--- Data provided ---

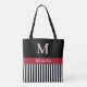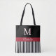 Elegant Custom Monogram Name Black White Stripes Tote Bag
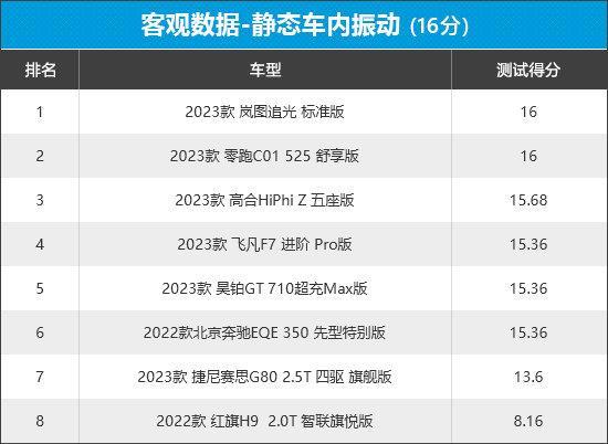 从榜单排名来看,岚图追光和零跑C01再次以满分成绩夺魁,可见这两款车型非常注重车内驾乘人员的舒适性体验。值得注意的是,红旗H9在该测试环节再次败北,其在各个测试部位的振动数值明显偏高,即便与车质网测试过的所有燃油车型相比,也处于垫底的位置,作为一款定位高端的自主品牌旗舰车型,在关乎车内乘员舒适性的测试环节出现这样的结果,令人有些意外。
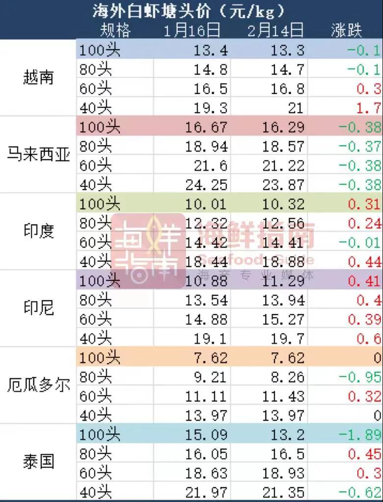 文/ 海鮮指南(seafood-guide)曾鈴程 水產前沿網原創報道,上周,海鮮指南收到厄瓜多爾白蝦廠商最新報價: 30/40 $6.51 40/50 $6.21 50/60 $5.91 60/70 $5.51 (鹽凍+0.1~0.2$,報價僅供參考,以工廠實際為準) 相比春節前,期貨中小規格白蝦都在漲,漲幅0.1~0.2$/kg左右。一般年后是淡季,然而去年底國內卻大量下單進口白蝦,據厄瓜多爾水產養殖商會(CNA)數據,在2021年11-12月期間,厄瓜多爾出口至中國白蝦超過了9萬噸,約合5000多柜(以18噸/柜估計)!業內人士介紹,這批貨應該就是近段時間到港,但是因為航運情況不穩定,所以有的是在清關、有的已經到了,不太統一。 對此,全聯集采水產品(廣東)股份有限公司運營總監潘泓宇告訴海鮮指南:“首先是因為降關稅,大家多買一點,擔心后面漲價;其次,印度蝦等漲價,厄瓜多爾相對價格低;其三,就是疫情減緩,大家有了一些信心。” 厄瓜多爾白蝦產品貨柜數(按每柜約18噸白蝦凈重計算所得,以實際為準) 相對于廠商價,海外蝦塘頭價變動也比較大。白蝦,印度、印尼全線上漲;越南規格蝦大幅度上漲,40只蝦漲幅達1.7元/kg;厄瓜多爾60只蝦上漲0.32元/kg,80只蝦下跌0.95元/kg。黑虎蝦方面,越南、馬來西亞全線上漲,最高幅度達到了5.5元/kg! 2月14日海外各對蝦主產國出塘價 |

---

Problem to work on
Each line, from the beginning of the listing to the line bearing "从榜单排名来看,岚图追光和零" inclusive, should be copied exactly; the pictures stay out.

Output for this task
 Elegant Custom Monogram Name Black White Stripes Tote Bag
 从榜单排名来看,岚图追光和零跑C01再次以满分成绩夺魁,可见这两款车型非常注重车内驾乘人员的舒适性体验。值得注意的是,红旗H9在该测试环节再次败北,其在各个测试部位的振动数值明显偏高,即便与车质网测试过的所有燃油车型相比,也处于垫底的位置,作为一款定位高端的自主品牌旗舰车型,在关乎车内乘员舒适性的测试环节出现这样的结果,令人有些意外。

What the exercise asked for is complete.